Your answer must be the lines from the first one in the material through the line with "The Mawson Club", retyped exactly and with no pictures.

*** Opening DATA FOR PROCESSING ***

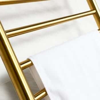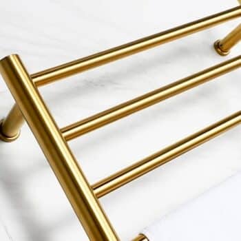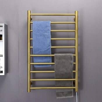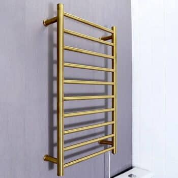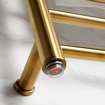 This modern electric towel heater rack is the needed upgrade for luxury bathroom. Designed with elegance and practicality, it quickly warms and dries towels while adding a touch of luxury to your modern bathroom. With a simple waterproof on/off switch and efficient heating performance, itโs both functional and stylish. Made of durable stainless steel with a scratch- and water-resistant gold plated finish, it ensures long-lasting shine and reliability. Can be switched on constantly, heating temperature approximately 50ยฐC (122ยฐF), power consumption 50-60W/hour .
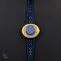 Zifferblatt: blau mit goldfarbenem Sternscheiben-Motiv, Anzeige über rot markierte Segmente
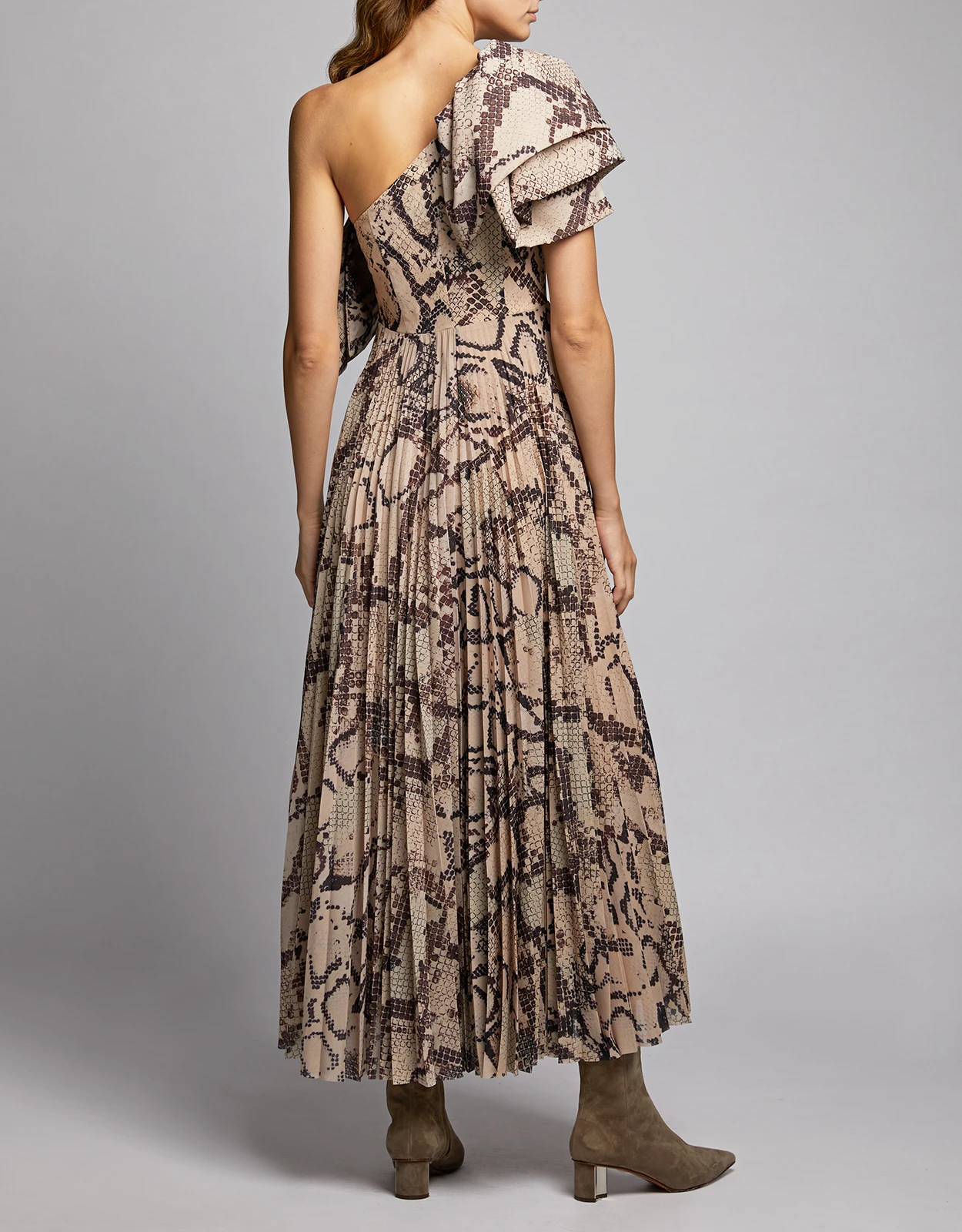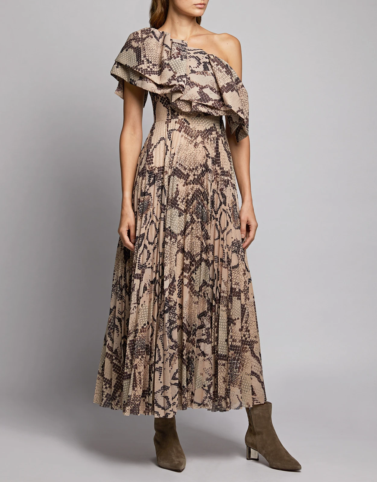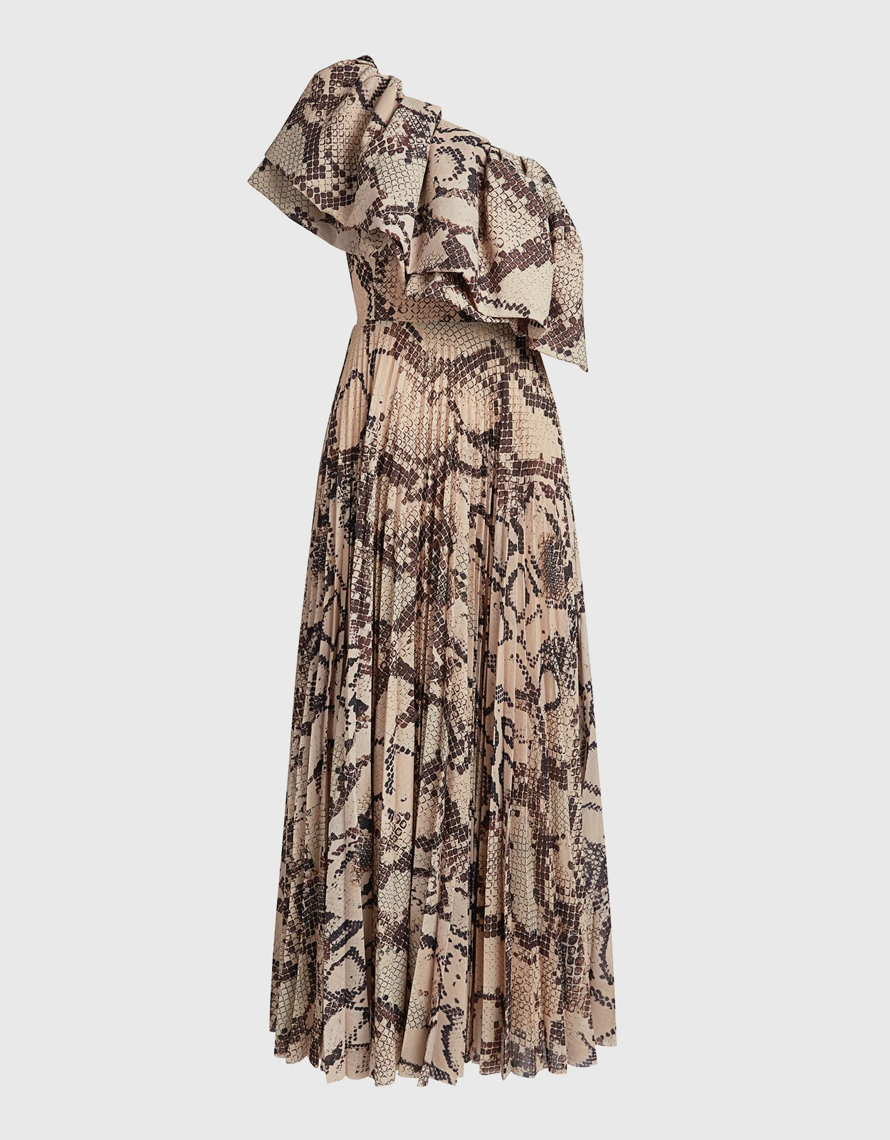 Solace London Rosa One-shoulder Snake Print Ruffle Pleated Maxi Dress
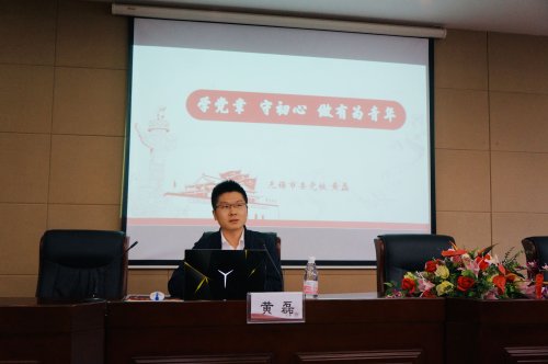 黄磊从“党的基本理论”、“党章的发展历程”、“新时代的新党章”及“认真贯彻新党章”四个方面,用朴实的语言,精彩生动的案例与详实的数据,深入浅出的进行了理论梳理,充分展现出我党在新时代特色社会主义建设中发挥的引领作用。他指出,党章是党的总章程,是党的根本大法,是全面从严治党的总依据和总遵循,是全党必须遵循的根本行为规范。他细致的讲解更好地帮助团学青年们深学、细照、笃行,时刻准备着,做好党的后备力量。
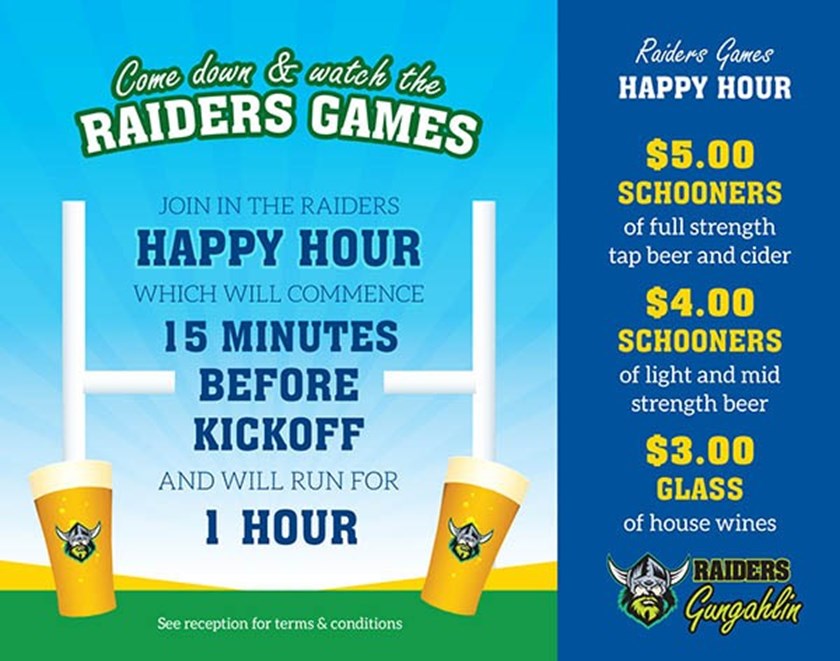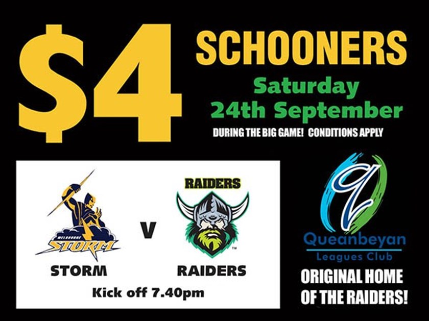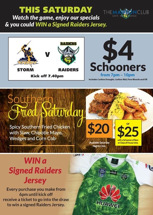 The Mawson Club will be offering $4 schooners from 7pm -10pm. Catch the game on the big screen and you can also win a Raiders signed jersey!
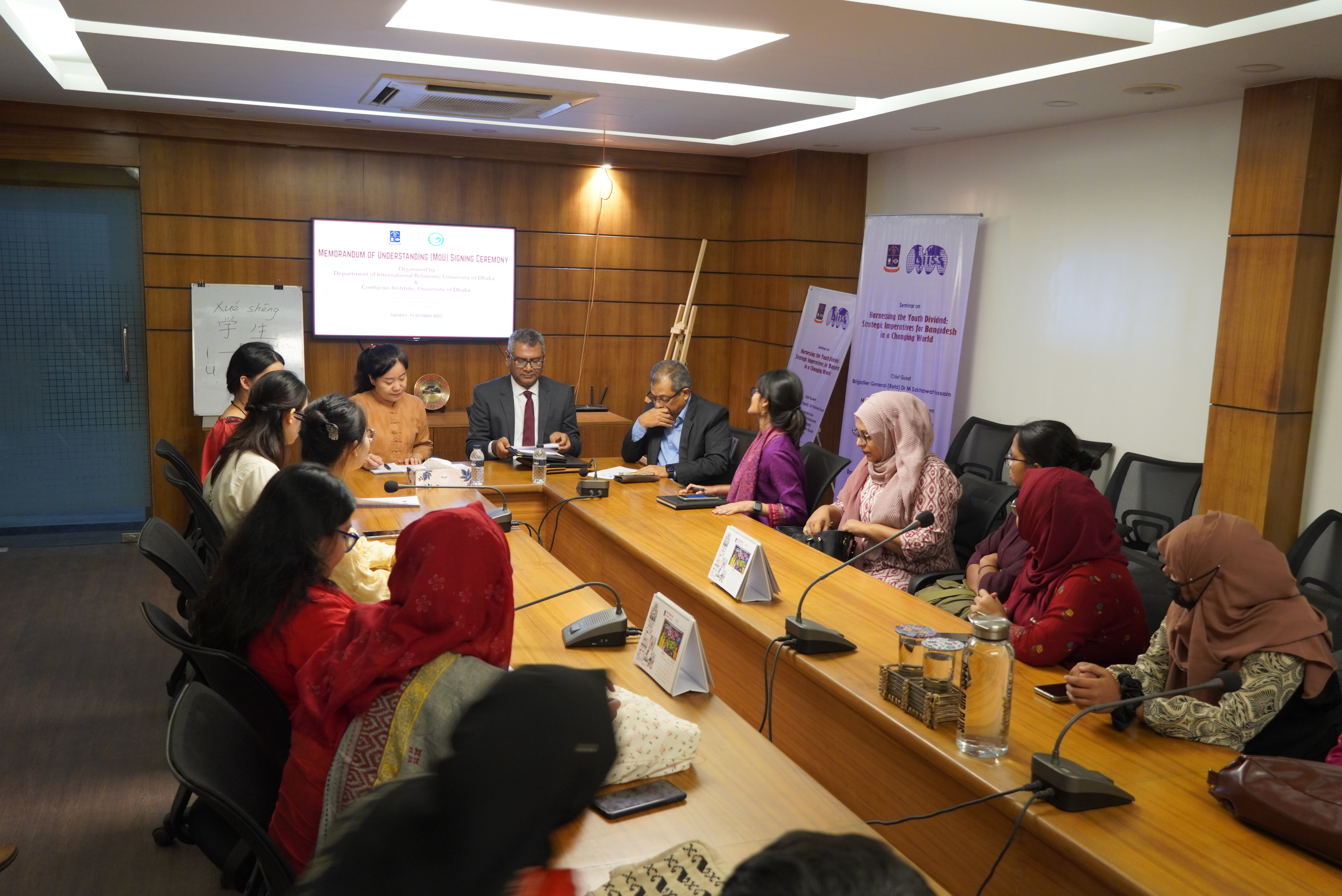 Nearly 40 participants attended the signing ceremony, including Prof. Dr. ASM Ali Ashraf, Chairman of the Department of International Relations, Dr. Delwar Hossain, Professor of International Relations, Dr.Yang Hui, Chinese Director of the Confucius Institute, faculty representatives, and students.

*** Closing DATA FOR PROCESSING ***

# [REPLY]
 This modern electric towel heater rack is the needed upgrade for luxury bathroom. Designed with elegance and practicality, it quickly warms and dries towels while adding a touch of luxury to your modern bathroom. With a simple waterproof on/off switch and efficient heating performance, itโs both functional and stylish. Made of durable stainless steel with a scratch- and water-resistant gold plated finish, it ensures long-lasting shine and reliability. Can be switched on constantly, heating temperature approximately 50ยฐC (122ยฐF), power consumption 50-60W/hour .
 Zifferblatt: blau mit goldfarbenem Sternscheiben-Motiv, Anzeige über rot markierte Segmente
 Solace London Rosa One-shoulder Snake Print Ruffle Pleated Maxi Dress
 黄磊从“党的基本理论”、“党章的发展历程”、“新时代的新党章”及“认真贯彻新党章”四个方面,用朴实的语言,精彩生动的案例与详实的数据,深入浅出的进行了理论梳理,充分展现出我党在新时代特色社会主义建设中发挥的引领作用。他指出,党章是党的总章程,是党的根本大法,是全面从严治党的总依据和总遵循,是全党必须遵循的根本行为规范。他细致的讲解更好地帮助团学青年们深学、细照、笃行,时刻准备着,做好党的后备力量。
 The Mawson Club will be offering $4 schooners from 7pm -10pm. Catch the game on the big screen and you can also win a Raiders signed jersey!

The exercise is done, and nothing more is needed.